3. Create new paid services opportunities
The combination of rich contextual information and quick in-app purchases can generate new sales instantly. For example, Lark, a connected sleep-monitoring wearable device and mobile app, sells coaching services to consumers who want to improve their sleep.
You have opportunities to sell new digital services delivered on the phone, such as coaching, feedback or analysis. You can also connect buyers to sellers of physical assets, from empty parking spots to cars or clothing by tracking real-time supply and demand.

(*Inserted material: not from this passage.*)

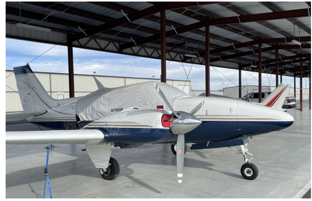
Beech Baron D55 Canopy Cover, Engine Plugs

4. Expand the potential audience with pay-as-you-go services
Mobile changes the cost structure of delivering services, opening up markets to lower-income consumers. The rise of pay-as-you-go phone services like MetroPCS in the US demonstrates how successful this can be. In Africa, consumers can pay as they go for utilities like electricity that, in other parts of the world, require monthly billing. Also in the US, people use mobile phones to unlock and pay for access to [car rental and sharing service] Zipcars. Consider what your company could sell to these types of consumers if you let iTunes take care of the billing.
Use the ‘IDEA’ cycle
To seize these opportunities, marketers need to understand how to connect with customers in their mobile moments. Armed with the knowledge of their mobile customer, marketers can use the ‘IDEA’ cycle to identify, design, engineer and analyse mobile moments. That is:
- Identify moments in your customer’s journey that you can ease with a mobile experience,
- design the mobile interaction to be intuitive and easy to use, as well as helpful,
- engineer your marketing systems to respond effectively to those interactions, and
- analyse the results to ensure that you are reaching and engaging with this new breed of shifted customers effectively.

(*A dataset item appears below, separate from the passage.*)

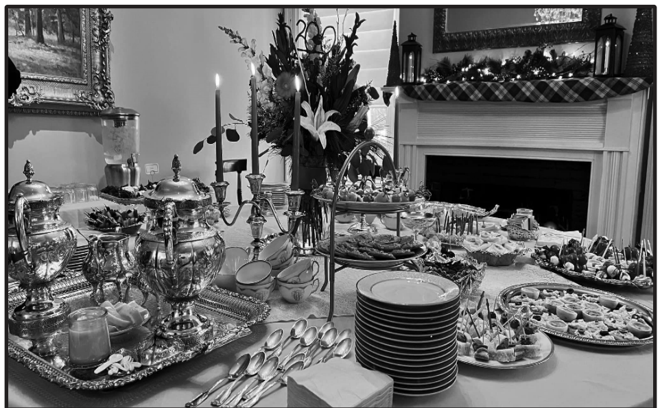
Holiday Tea Smorgasbord

Reservations for the Holiday Tea & Fashion Show are $25 per person and due November 30. To reserve places for you and your guests, call the Lew Wallace Study & Museum at (765) 362-5769 or visit www.ben-hur.com/programs/holiday-tea to purchase tickets

If a customer does not use your app or site in the mobile moment, then the moment will pass and the opportunity will be lost. This is why the ‘design’ phase is critical, as you will need to match a customer’s motivations in their mobile moment to your business goals. The resulting engagement is constrained by a tiny screen and the huge expectations set by five-star consumer apps. Accordingly, you must use agile development to create a continual delivery process to rapidly launch, learn and pivot to deliver value in the moment.
Ask yourself three questions: one to help you design your engagement and two more to help you prioritise the mobile moments to tackle first:
1. What service will you provide?
To get the mobile engagement right, you have to deliver what a customer or employee expects in the simplest way possible. For American Airlines, the app streamlines a traveller’s journey, from flight status to check-in, to finding the right gate and so on. For a mobile point-of-sale system like the one US jewellery retailer Alex And Ani has built, the app needs to be simple enough that an employee will use it with a customer to check inventory, take payment and help with any last-minute questions or substitutions.
2. What benefit does it bring a customer?
What will motivate someone to pull out their phone or tablet and turn to you for help? That analysis starts with a simple investigation of how the app or site helps a customer meet their goal. Extend that with higher-order benefits: does it accomplish that goal in seconds? Is it convenient to use? Is it enjoyable to use? Mike McCue, CEO of social media app Flipboard, aims to replicate the visual beauty of a magazine on a mobile device, while improving the experience through sharing and convenience. That’s his way of elevating ‘bringing joy’ to the level of corporate strategy.
3. What value does it bring to your company?
If a customer benefits but you don’t, then you’ll find resources quickly drying up. Overcome this flaw by committing only to mobile moments that increase customer revenue or loyalty, or improve an employee’s productivity. Apps that enable people to serve customers faster create openings for new sales, as the mobile apps for [US direct-broadcast satellite service provider] Dish Network do for its field service reps.
Design with the knowledge that mobile moments will fill your day as everything connects. Phones were first. Tablets came next. But in the next few years, these devices will be joined by dozens more that will address our needs in a mobile moment. By 2020, your customers could have 30 connected products delivering mobile moments, not just the handful they have today. So stop thinking only about phones and apps. Instead think about and design for the moments in your customers’ and employees’ lives, and consider what service you can provide in those moments that will be intuitive, easy to use and helpful.